- Conference: Missouri Valley Intercollegiate Athletic Association
- Record: 8–7 (4–4 MVIAA)
- Head coach: Homer Hubbard (1st season);
- Assistant coach: Clyde Williams
- Home arena: Margaret Hall Gymnasium

= 1911–12 Iowa State Cyclones men's basketball team =

American college basketball season

The 1911–12 Iowa State Cyclones men's basketball team (also known informally as Ames) represented Iowa State University during the 1911–12 NCAA men's basketball season. The Cyclones were coached by Homer Hubbard, who was in his first season with the Cyclones. This was the final season for the Cyclones at the Margaret Hall Gymnasium in Ames, Iowa.

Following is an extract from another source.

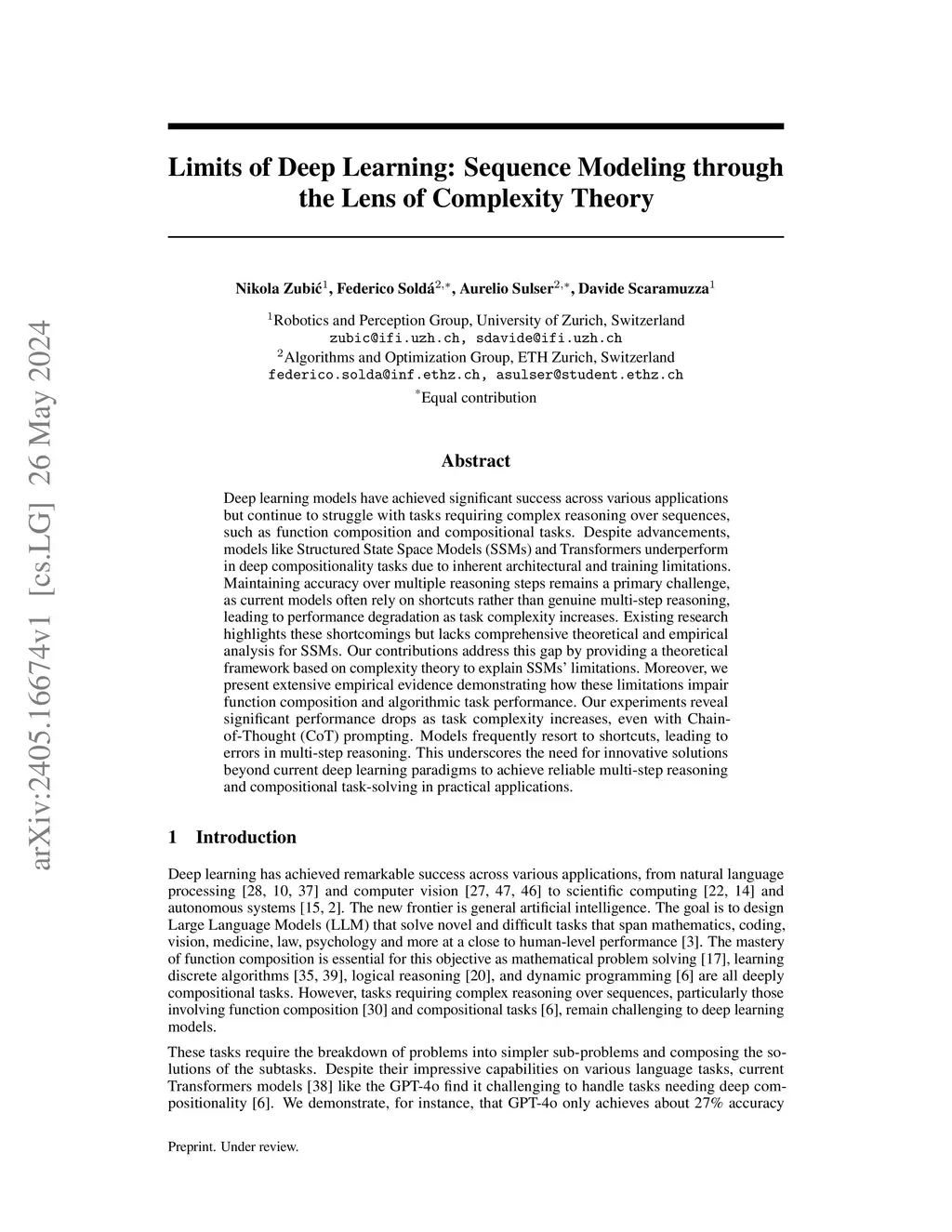 Limits of Deep Learning: Sequence Modeling through the Lens of Complexity Theory

They finished the season 8–7, 4–4 in Missouri Valley play to finish in second place in the North division.

== Schedule and results ==

| Date time, TV | Rank^{#} | Opponent^{#} | Result | Record | Site city, state |
Regular season
| January 17, 1912* |  | at Missouri | L 24–25 ^{OT} | 0–1 | Rothwell Gymnasium Columbia, Missouri |
| January 18, 1912* |  | at Missouri | L 10–18 | 0–2 | Rothwell Gymnasium Columbia, Missouri |
| January 19, 1912 |  | at Drake Iowa Big Four | W 23–11 | 1–2 (1–0) | Alumni Gymnasium Des Moines, Iowa |
| January 26, 1912* |  | at Grinnell | L 15–25 | 1–3 | Grinnell, Iowa |
| January 30, 1912 |  | Drake Iowa Big Four | W 36–23 | 2–3 (2–0) | Margaret Hall Gymnasium Ames, Iowa |
| January 31, 1912* |  | Grinnell | W 27–17 | 3–3 | Margaret Hall Gymnasium Ames, Iowa |
| February 2, 1912 |  | at Nebraska | L 12–33 | 3–4 (2–1) | Grant Memorial Hall Lincoln, Nebraska |
| February 3, 1912 |  | at Nebraska | L 14–40 | 3–5 (2–2) | Grant Memorial Hall Lincoln, Nebraska |
| February 6, 1912 |  | at Drake Iowa Big Four | W 23–17 | 4–5 (3–2) | Alumni Gymnasium Des Moines, Iowa |
| February 15, 1912* |  | Washington (Mo.) | W 34–20 | 5–5 | Margaret Hall Gymnasium Ames, Iowa |
| February 16, 1912* |  | Missouri | W 25–9 | 6–5 | Margaret Hall Gymnasium Ames, Iowa |
| February 17, 1912* |  | Missouri | W 35–13 | 7–5 | Margaret Hall Gymnasium Ames, Iowa |
| February 23, 1912 |  | Nebraska | L 21–31 | 7–6 (3–3) | Margaret Hall Gymnasium Ames, Iowa |
| February 24, 1912 |  | Nebraska | L 12–31 | 7–7 (3–4) | Margaret Hall Gymnasium Ames, Iowa |
| February 27, 1912 |  | Drake Iowa Big Four | W 32–27 | 8–7 (4–4) | Margaret Hall Gymnasium Ames, Iowa |
*Non-conference game. ^{#}Rankings from AP poll. (#) Tournament seedings in parentheses. All times are in Central Time.